_Material shown_
=-=-=-=-=
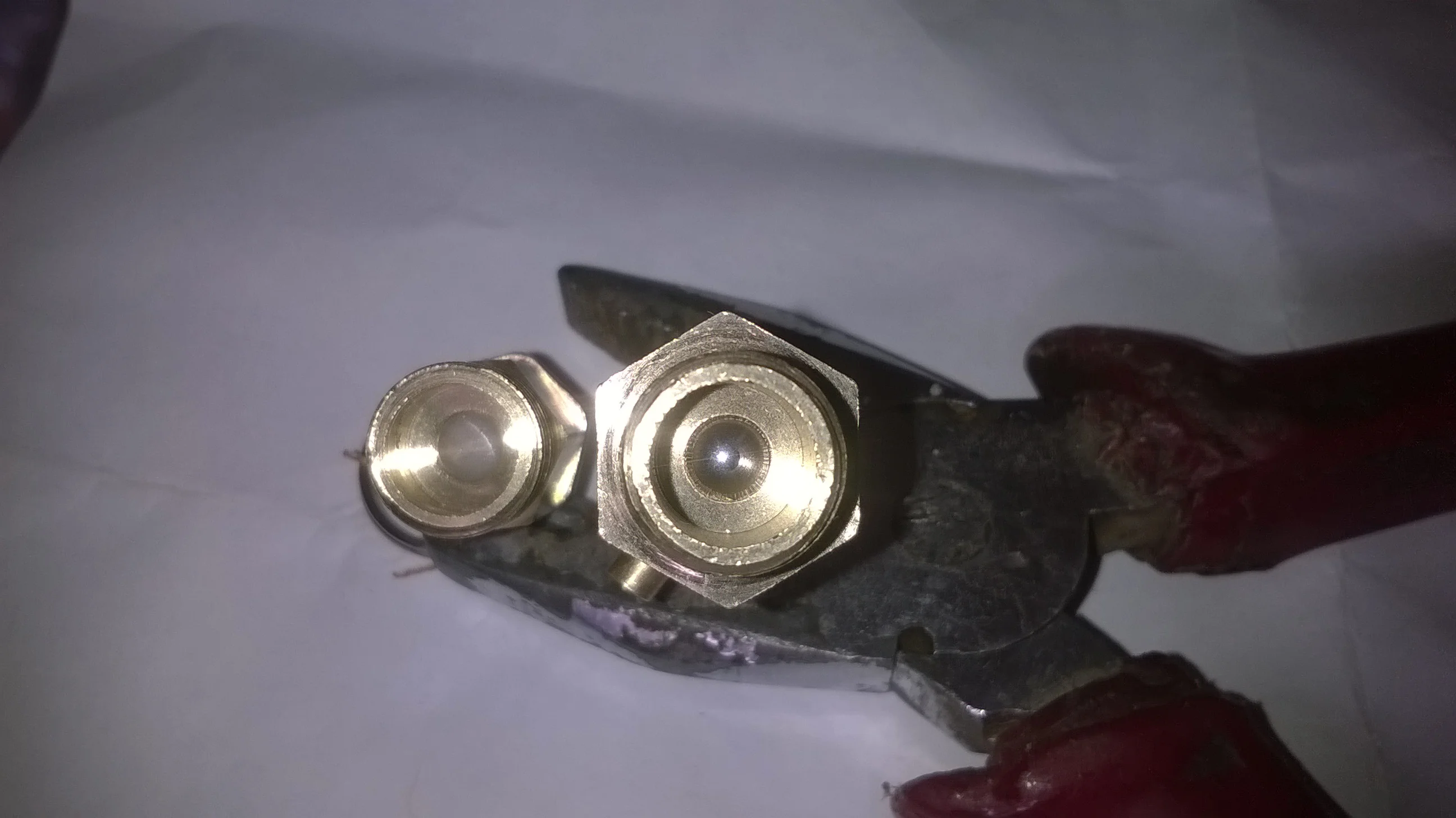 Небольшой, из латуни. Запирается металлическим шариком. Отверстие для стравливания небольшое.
=-=-=-=-=
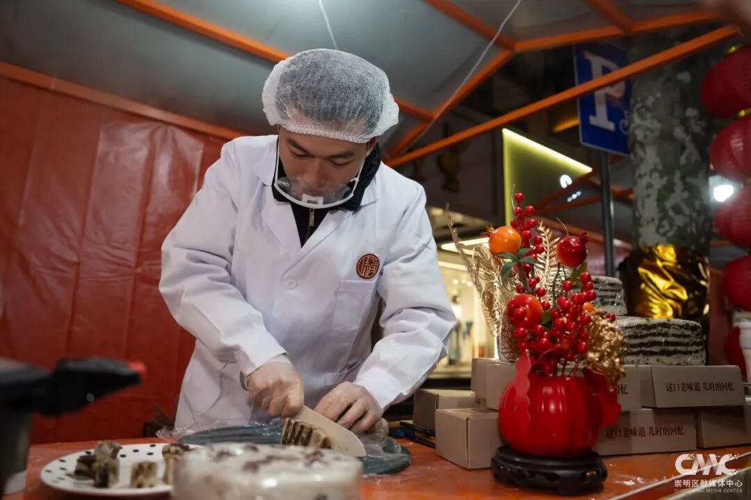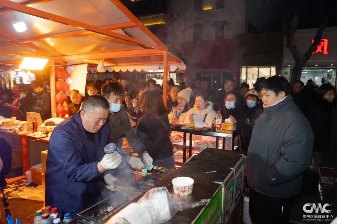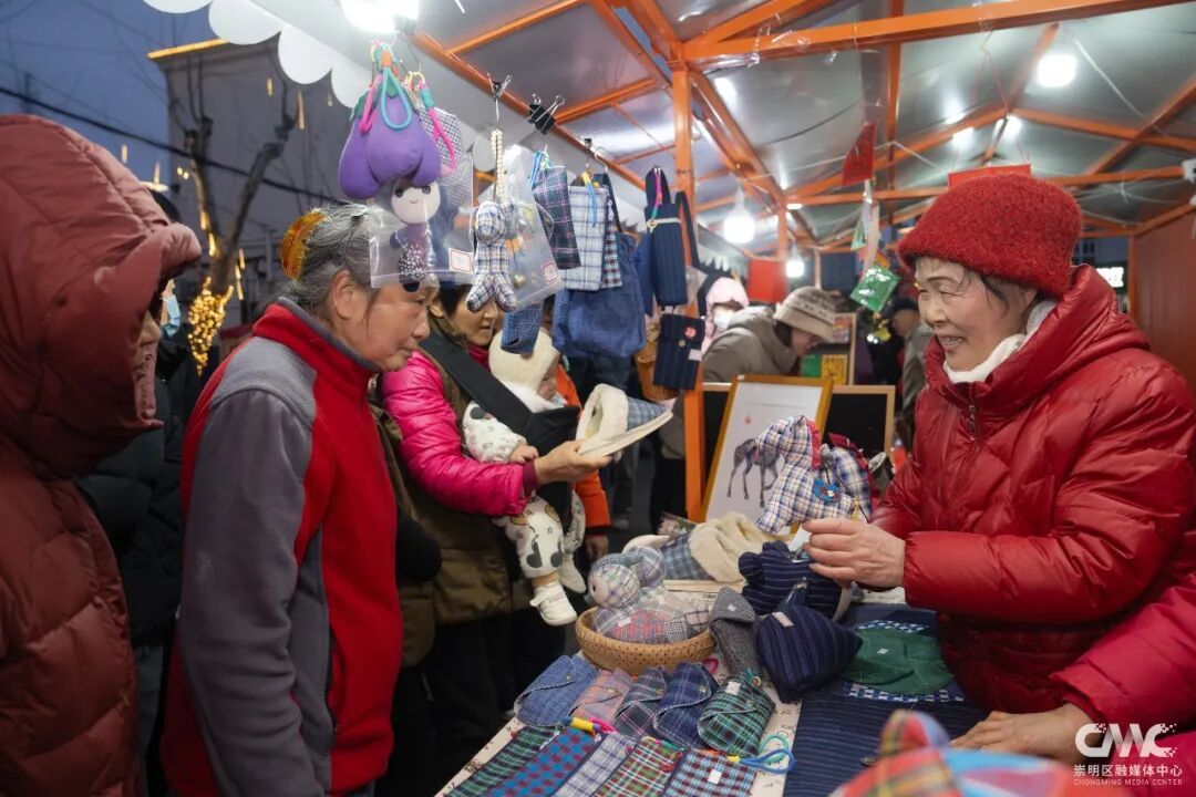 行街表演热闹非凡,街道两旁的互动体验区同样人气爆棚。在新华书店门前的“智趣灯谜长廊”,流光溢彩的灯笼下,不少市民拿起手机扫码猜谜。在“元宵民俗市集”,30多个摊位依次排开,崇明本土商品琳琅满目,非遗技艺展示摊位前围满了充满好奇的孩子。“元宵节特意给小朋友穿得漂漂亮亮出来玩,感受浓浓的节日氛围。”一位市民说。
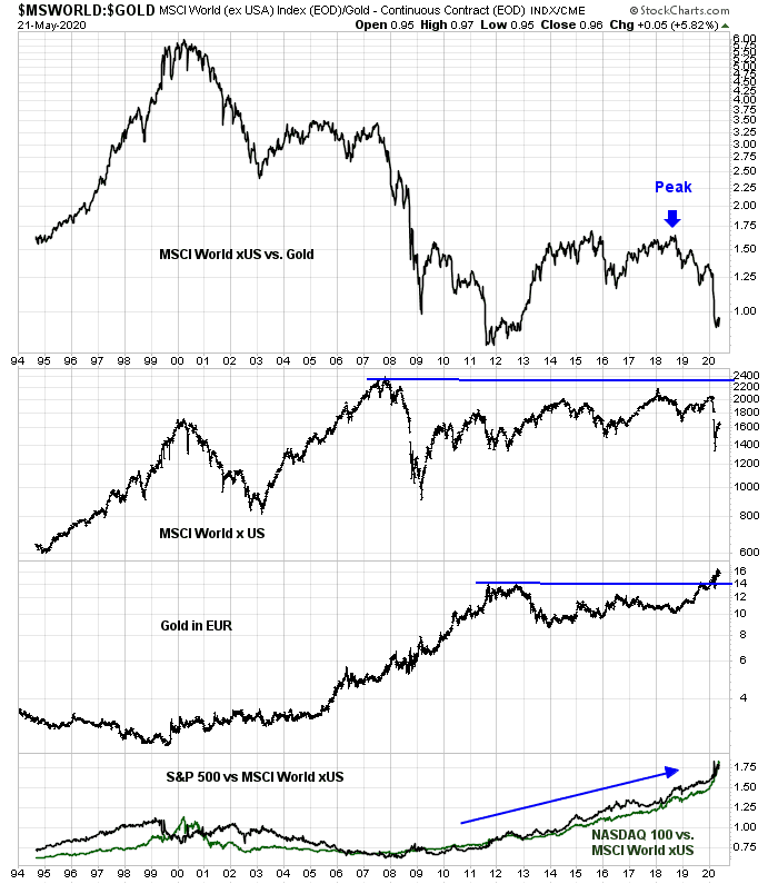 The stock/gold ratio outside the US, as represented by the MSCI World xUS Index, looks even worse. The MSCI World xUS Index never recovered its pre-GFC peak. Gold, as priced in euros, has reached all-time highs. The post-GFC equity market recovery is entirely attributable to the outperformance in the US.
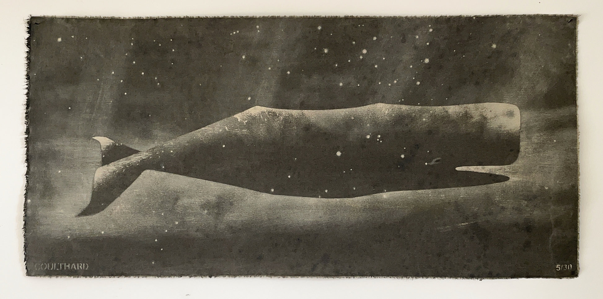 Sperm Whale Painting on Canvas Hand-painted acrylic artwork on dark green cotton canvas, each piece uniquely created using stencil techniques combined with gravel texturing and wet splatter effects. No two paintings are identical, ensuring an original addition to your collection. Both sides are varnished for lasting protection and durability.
=-=-=-=-=
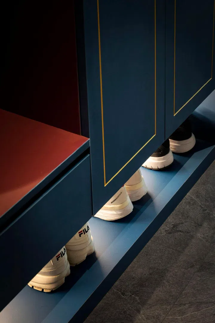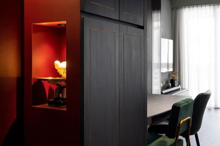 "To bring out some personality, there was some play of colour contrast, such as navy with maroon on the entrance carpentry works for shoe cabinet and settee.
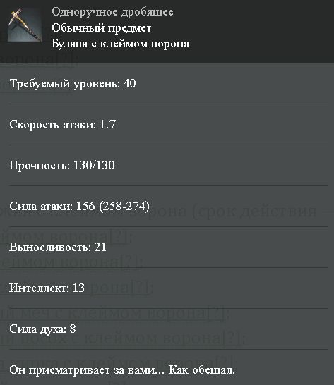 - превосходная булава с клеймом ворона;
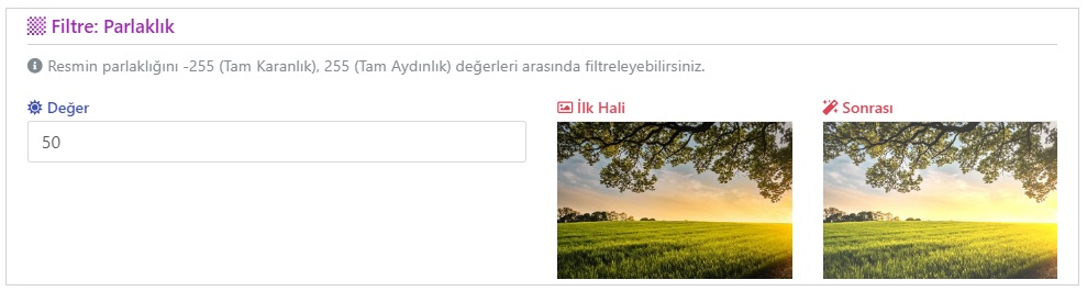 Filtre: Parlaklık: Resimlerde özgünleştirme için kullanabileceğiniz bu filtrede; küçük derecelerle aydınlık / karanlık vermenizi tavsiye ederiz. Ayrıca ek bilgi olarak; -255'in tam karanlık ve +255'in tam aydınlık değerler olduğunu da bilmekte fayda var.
=-=-=-=-=
Within the listing above, the lines from the one with "cabinet and settee." through the one with "- превосходная булава с клеймом ворона;" are to be given again word for word. Do not include pictures.

 "To bring out some personality, there was some play of colour contrast, such as navy with maroon on the entrance carpentry works for shoe cabinet and settee.
 - превосходная булава с клеймом ворона;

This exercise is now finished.